The anthropophagic Ae. aegypti and partially anthropophagic Ae. albopictus vectors are daytime feeders [1-4,9,34]. The two vectors are highly prevalent in premises of schools, hospitals, government offices, transport hubs, and factories in Sri Lanka [9,35]. The closure of schools and offices, as well other forms of restrictions on the movement of people outside of residences, can therefore be expected to reduce blood feeding by the two vectors, particularly Ae. aegypti, leading to a reduction in ‘a’ in the equation. Any reduction in blood meals will result in reduced oviposition and decreased vector densities, manifesting as reductions in ‘m’ and ‘p’. Lower values for ‘a’, ‘m’, and ‘p’ will diminish R₀, which will be particularly impacted by its exponential relationship with ‘a’ and ‘p’. R₀ is directly related to the rate of dengue transmission and therefore the number of dengue cases in the population. Reduced oviposition as a result of decreased blood feeding is consistent with diminished larval collections from ovitraps in Jaffna city [29,30], which was independently also observed in the western Colombo district [32], during the lockdown in Sri Lanka.

In particular, diminished access of Aedes vectors to blood meals in public places like schools, transport hubs, shops, temples and churches during the COVID-19 lockdown have been postulated to reduce vector densities and vector survival and therefore dengue transmission [29,30]. Both infection of uninfected Aedes vectors through feeding on infected persons, and infection of uninfected persons by infected Aedes vectors in new locations are promoted by population mobility, and may have additionally contributed to the reduced dengue incidence observed during the COVID-19 lockdown. Dengue and malaria incidences fell by 75% and 46% respectively during the 2020 lockdown in India [36], a country with similar dengue epidemiology and mosquito vector control programmes to Sri Lanka. Corresponding statistics for malaria are not applicable in Sri Lanka because malaria was eliminated from the island in 2013 [37]. The early expectation of epidemiologists, and the WHO, that the incidence of dengue and malaria will increase due to a collapse of vector control programmes during the COVID-19 pandemic [26], was therefore not borne out in India and Sri Lanka.
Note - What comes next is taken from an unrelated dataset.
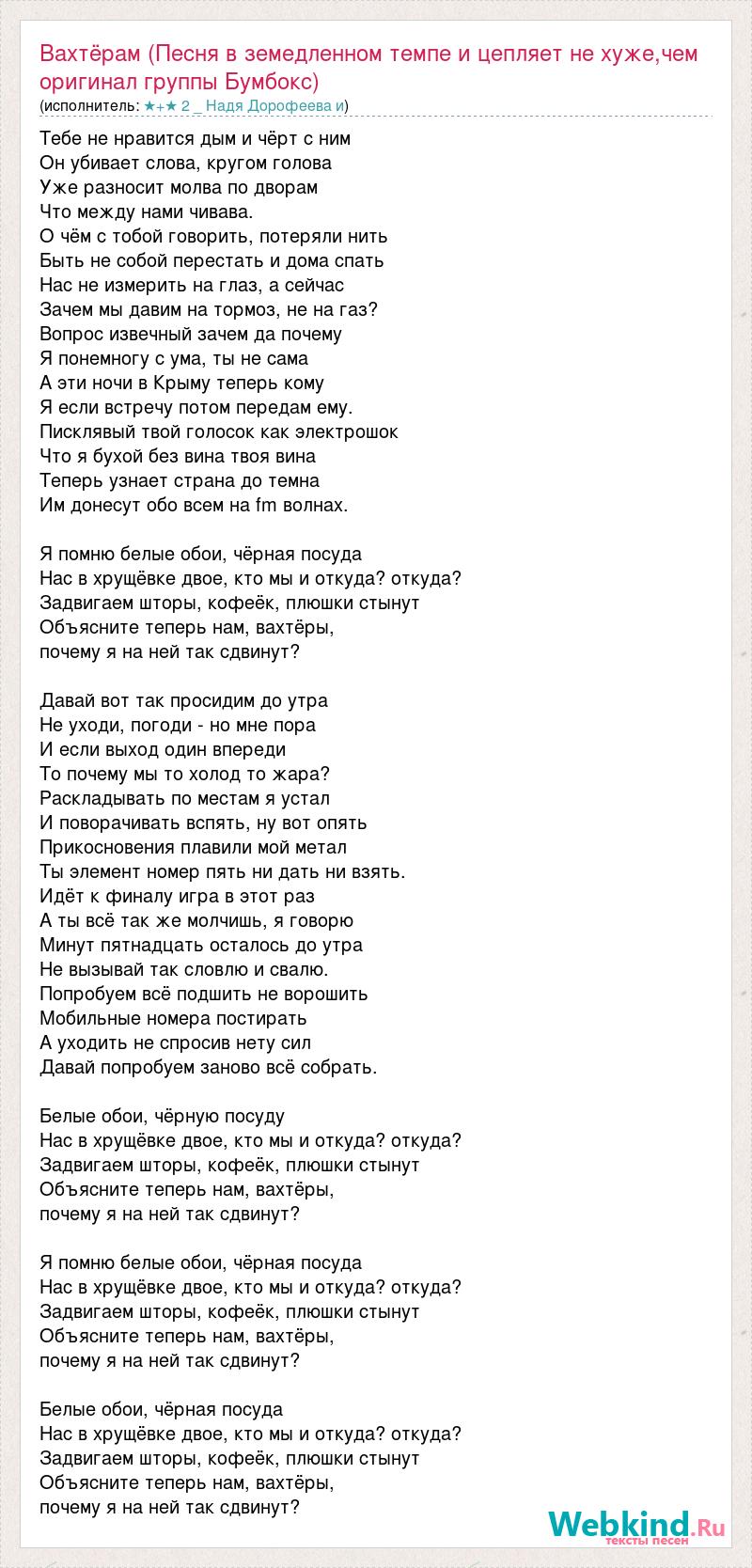 Главная→Исполнители→★+★ 2 _ Надя Дорофеева и→Вахтёрам (Песня в земедленном темпе и цепляет не хуже,чем оригинал группы Бумбок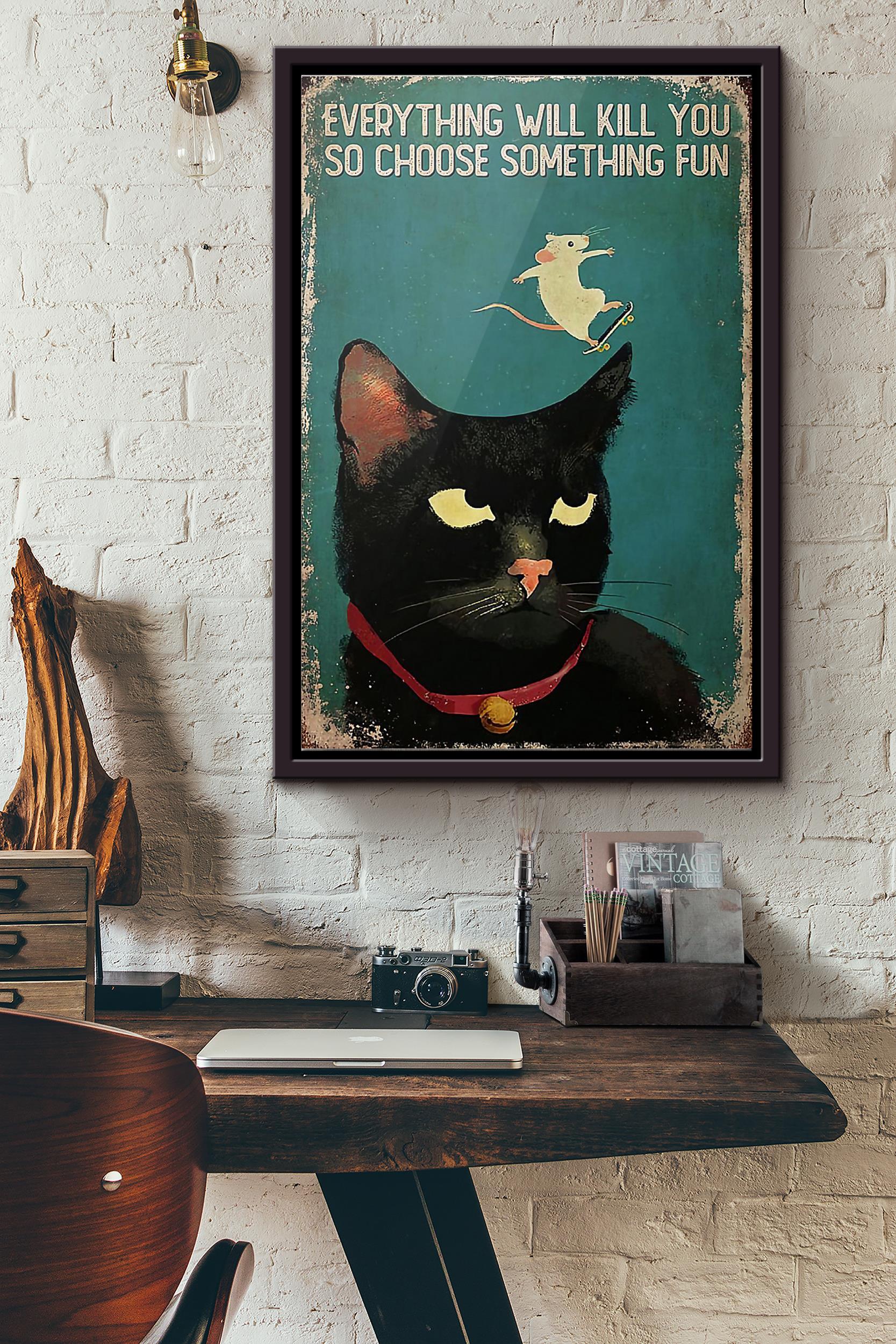 Cat Skateboard Mouse Everything Will Kill You So Choose Something Fun Poster Framed Matte Canvas

From the perspective of more effective dengue control in Sri Lanka, India and other countries with similar dengue epidemiology, it would appear that this prevalent view [26] detracts from experimental findings [29,30] which strongly suggest that dengue control measures involving Aedes vector larval source reduction measures need to be more stringently applied than at present in public places where people congregate.

Conclusions

It is suggested that greater awareness of the relevant scientific findings by pertinent national and international organisations and their adoption of appropriate measures can improve the control of dengue and other arboviral diseases. Beneficial measures can include promoting further epidemiological studies to confirm the importance of the reported findings and modifying influential national and international guidelines for the control of Aedes vectors.

Malaria

The WHO in its latest World Malaria Report estimated 249 million cases of malaria occurred worldwide in 2022 (an increase of 5 million over 2021) and 608,000 deaths from malaria worldwide [38]. All known species of Plasmodium parasites that cause human malaria are transmitted by several different species of Anopheles mosquitoes [39].

Understanding the implications of Anopheles vectors adapting to salinity in coastal areas for malaria transmission

Some salinity-tolerant Anopheles that transmit malaria parasites in coastal areas have evolved into distinct species as a result of their reproductive isolation. These include An, farauti in Australasia, An. sundaicus in Asia, An. melas and An. merus in Africa, as well as An. aquasalis and An. albimanus in the Americas [23-25]. It was recently observed for the first time that An. culicifacies, the principal rural FW vector of malaria in South Asia, can also lay eggs and undergo preimaginal development in BW of up to 4 gL^-1 salt in coastal swamps of eastern Sri Lanka [40] and the Jaffna peninsula [7,41]. It remains to be established whether An. culicifacies similarly develops in coastal BW habitats in other South and Southeast Asian countries. Larval source reduction was previously an important component of efforts to control or eradicate malaria but this is no longer the case [38]. However, this position needs to be reconsidered, and anopheline vectors in coastal areas monitored more closely, because global warming leading to a rise in sea levels can expand BW habitats for existing salinity-tolerant anopheline malaria vectors in coastal areas and additionally cause FW anopheline vectors to adapt to develop in coastal BW [23-25].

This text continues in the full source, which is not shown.